### [What to do]
In the material below, find the span from the line with "4月16日,在中国大熊猫保护" to the line with "Vyřezávaný závěsný domeček" and transcribe only those lines, exactly, ends included, without the pictures.

** Opening Supplied records block **

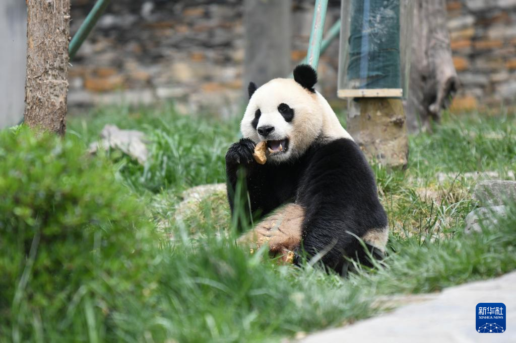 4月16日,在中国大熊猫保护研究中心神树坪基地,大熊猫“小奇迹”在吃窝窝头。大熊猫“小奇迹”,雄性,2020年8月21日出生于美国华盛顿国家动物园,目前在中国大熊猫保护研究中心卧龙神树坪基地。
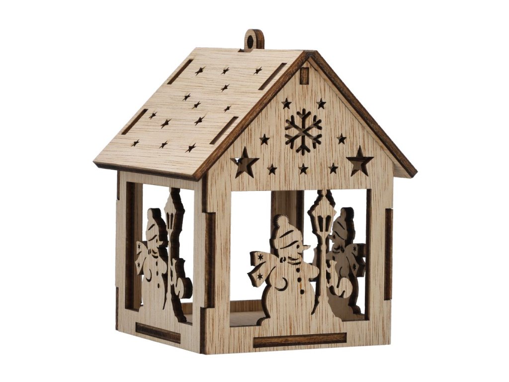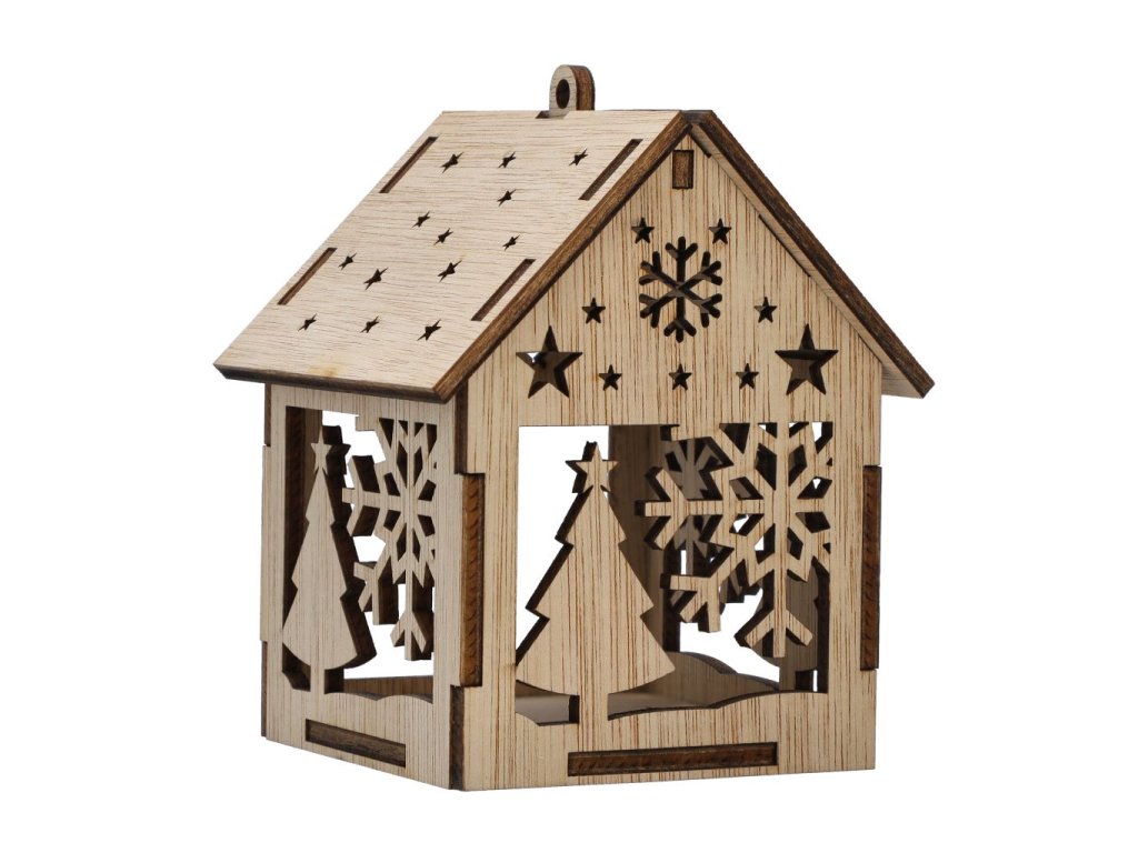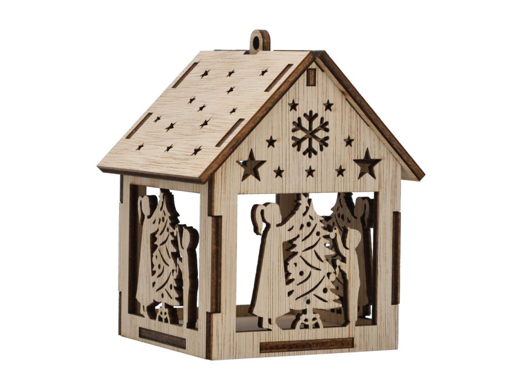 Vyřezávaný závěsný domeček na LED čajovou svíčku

** Closing Supplied records block **
** Opening Supplied records block **

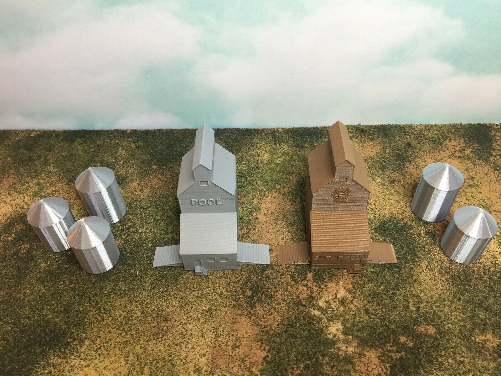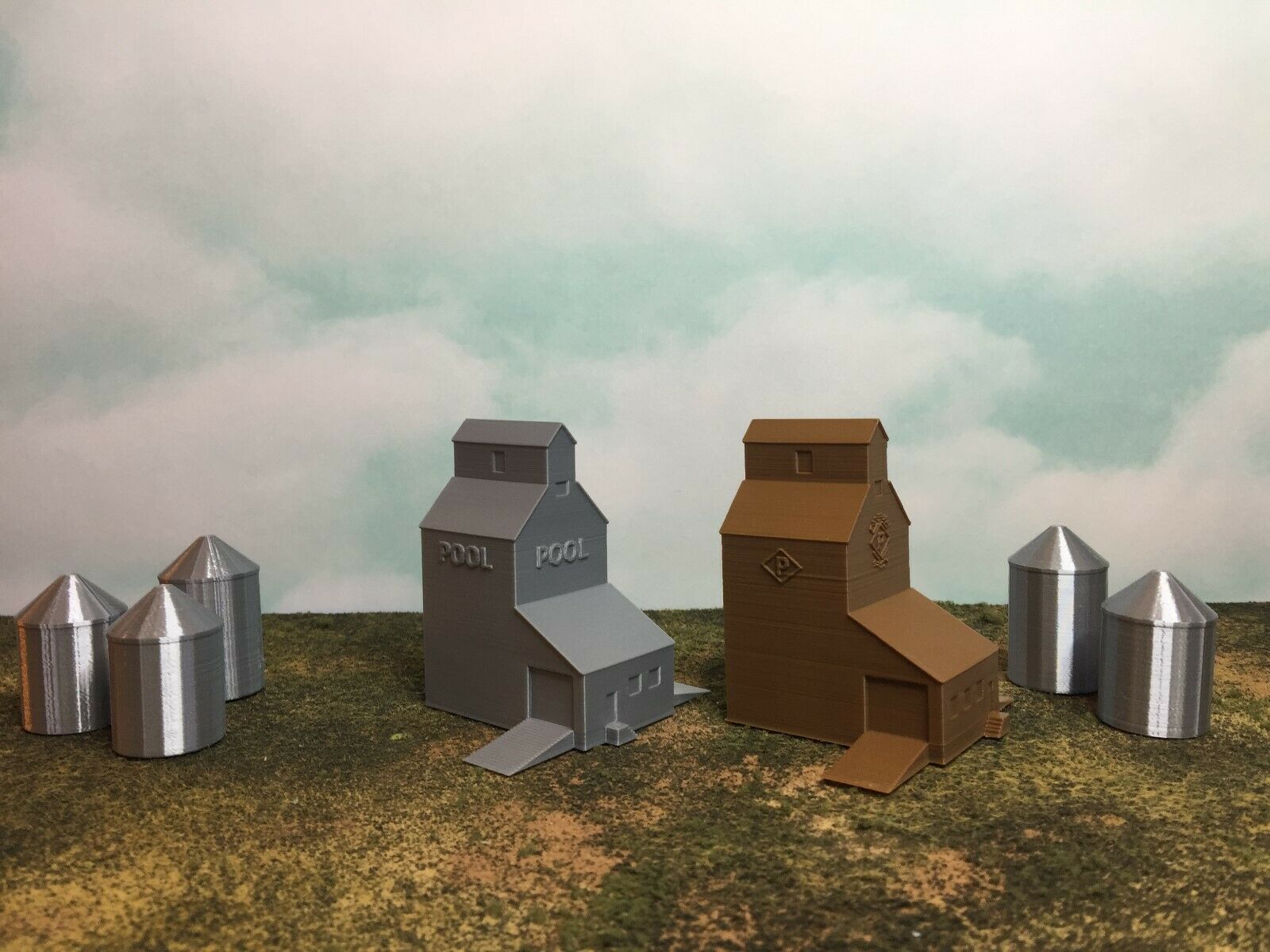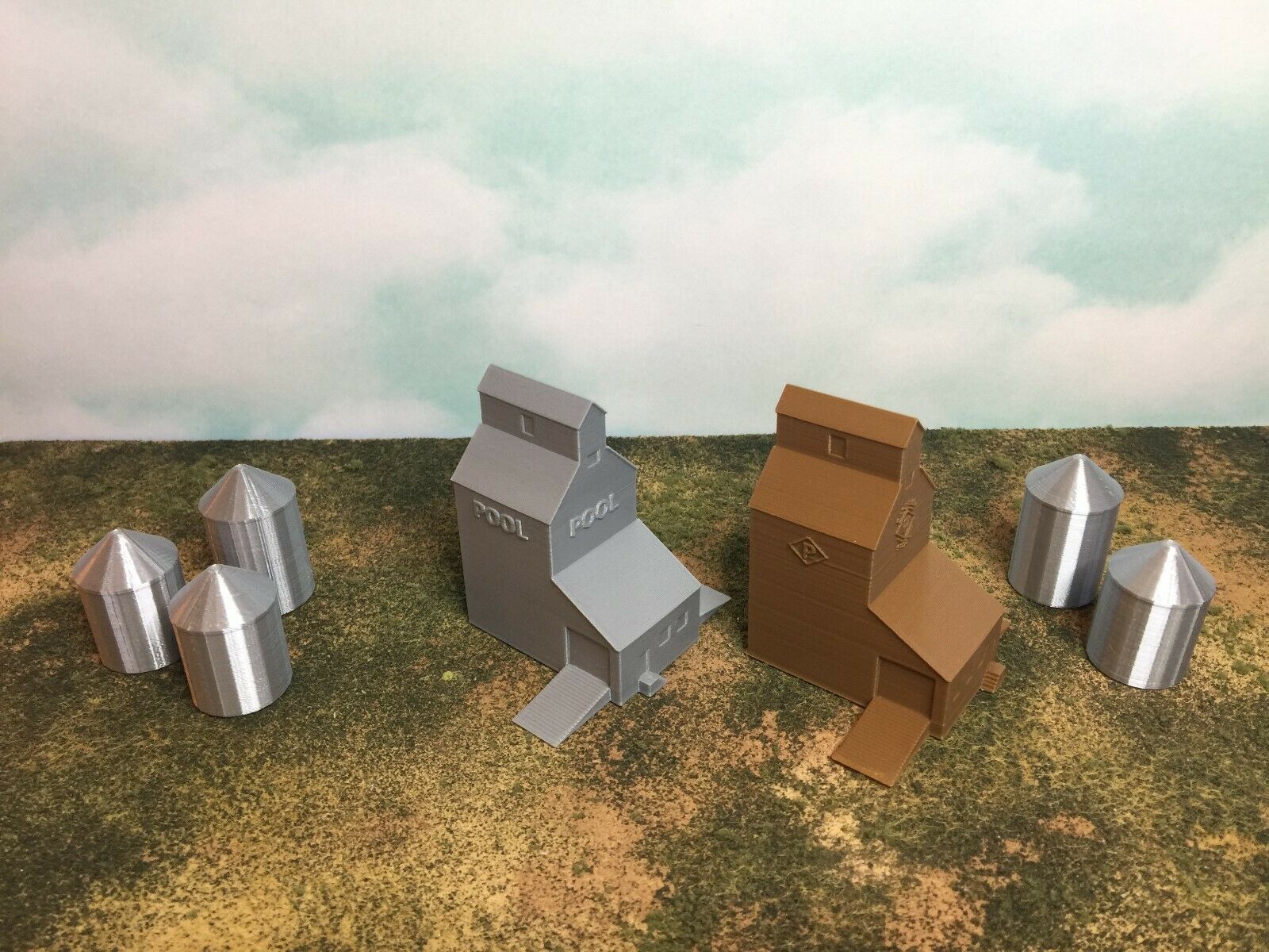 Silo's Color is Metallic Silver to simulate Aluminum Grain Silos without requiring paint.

** Closing Supplied records block **

### [Result of this exercise]
 4月16日,在中国大熊猫保护研究中心神树坪基地,大熊猫“小奇迹”在吃窝窝头。大熊猫“小奇迹”,雄性,2020年8月21日出生于美国华盛顿国家动物园,目前在中国大熊猫保护研究中心卧龙神树坪基地。
 Vyřezávaný závěsný domeček na LED čajovou svíčku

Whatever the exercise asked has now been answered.